He cited witness reports of Israeli soldiers firing on civilians with white flags as they fled an area where a 16-year-old girl in a wheelchair had been killed by shelling, and the shooting of an ambulance driver as he went to evacuate a child.

Alleged abuses by Palestinian armed groups included locating military objects in civilian buildings, launching rockets from densely populated areas and executing suspected collaborators.

After an initial examination of over 100 incidents, Israel’s Military Advocate General (MAG) opened 13 criminal investigations but closed nine cases, said Zeid, whose document is to be presented to the U.N. Human Rights Council in March.

Investigations carried out by Israel’s fact-finders and reviewed by the MAG were “positive steps towards establishing accountability,” but with two serious shortcomings, he wrote.

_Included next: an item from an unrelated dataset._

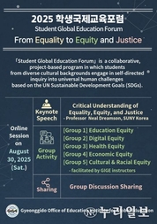 (누리일보) 경기도교육청국제교육원(원장 조영민)이 30일 국내외 학생을 대상으로 ‘2025 학생국제교육포럼’을 개최했다. 이번 포럼은 지난해에 이어 두 번째로 열린 행사로 UN 지속가능발전목표(SDGs) 중 ‘인류 보편적 문제’를 주제로 학생들이 협력적 탐구와 토의를 통해 미래세대의 세계시민 역량을 기르도록 기획됐다. 올해 포럼은 ‘평등을 넘어, 형평성과 정의로(From Equality to Equity and Justice)’를 대주제로 교육·디지털·건강·경제·문화와 인종 형평성 등 5개 소주제에 대해 직접 문제를 분석하며 협력적 해결의 가능성을 탐색했다. 영어로 진행된 이번 포럼은 실시간 쌍방향 원격프로그램으로 운영됐으며 경기도 내 고등학생 35명과 일본·필리핀·인도네시아 등 해외 학생 18명이 동시에 참여했다. 참가 학생들은 ▲사전 실행학습을 통한 주제 관련 연구 ▲Neal Dreamson 교수(뉴욕주립대학교 한국, SUNY Korea)의 기조 강연 ▲경기도교육청국제교육원 원어민 강사진의 패널 토의 ▲모둠별 토의와 발표 자료 제작 ▲결과 발표 및 공유 등을 통해 세계시민 의식을 기르는 기회를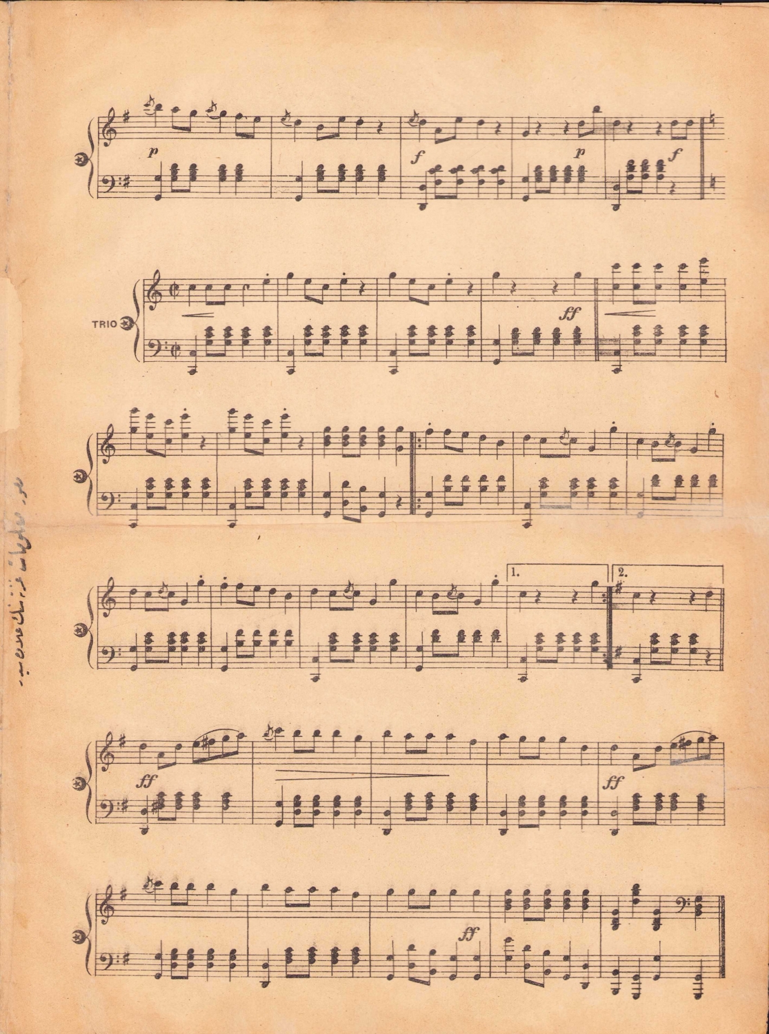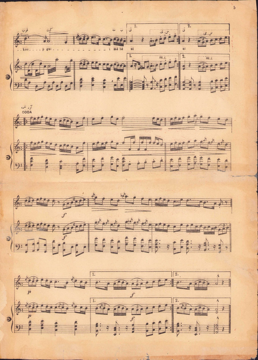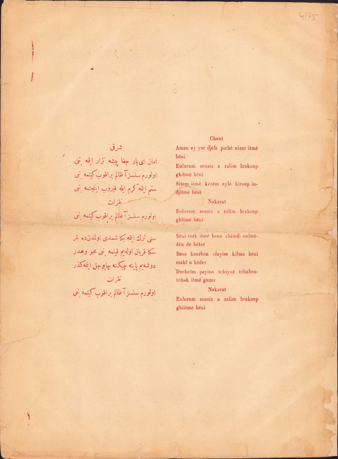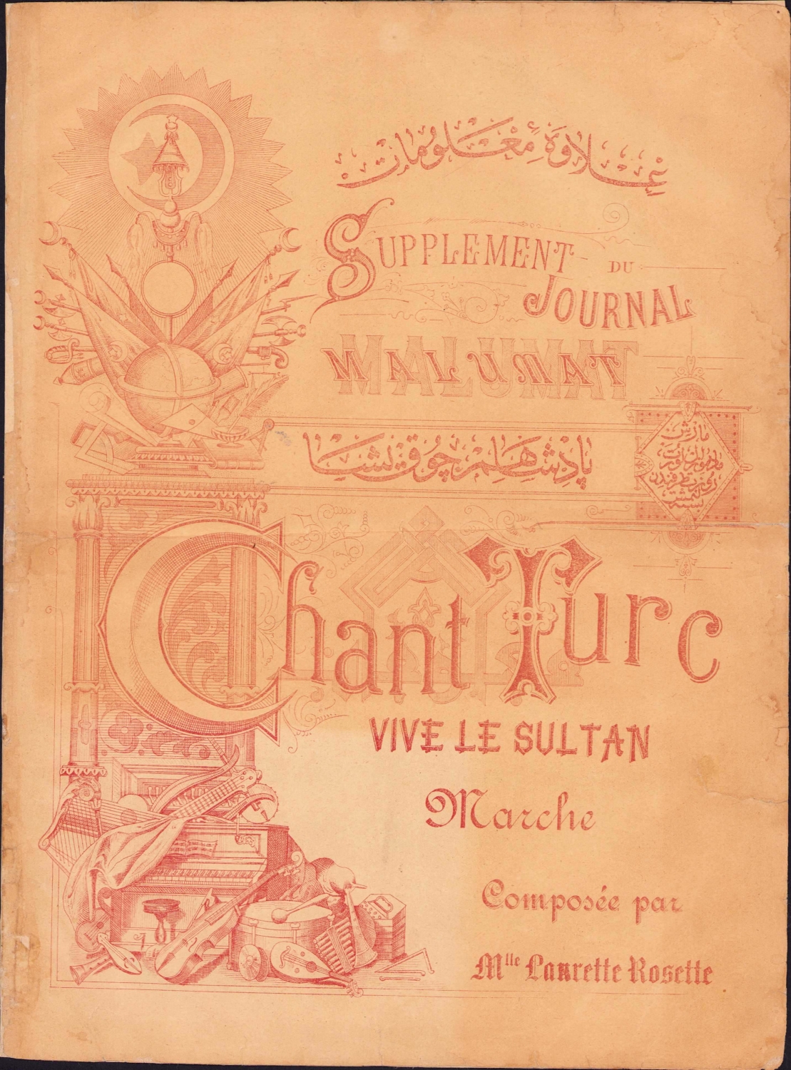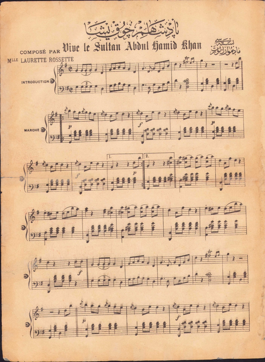 Osmanlıca İlave-i Malumat, Sultan Hamid için yazılmış 'Padişahımız Çok Yaşa' başlıklı eser, Bestekârı:Conrette Rosette, 5 sayfa [4. sayfası eksik], 24x33 cm.

They focused only on “exceptional incidents”, and the MAG’s role, as both adviser on the legality of military operations and investigator of actions that may have been carried out on his own advice, raised concerns Israel could take a narrow view, he said.

“These concerns endure in the context of the continued failure to ensure meaningful accountability in respect of earlier escalations in Gaza,” Zeid wrote to the rights council, which will hear from its own investigative commission on the occupied Palestinian territories during the March session.

Zeid said Palestinian authorities also had an obligation to ensure that alleged violations of international law were “promptly, thoroughly, effectively, independently, impartially and transparently investigated, and that those responsible are brought to justice.”

But his office had no information that any investigation was being carried out, he wrote. “There are again fears that impunity will prevail and only add further fuel to the possibility of more violence in the future.”

The 50-day war between Israel and Gaza’s Islamist Hamas rulers killed more than 2,100 Palestinians, mostly civilians while the Israeli death toll was 73, mostly soldiers.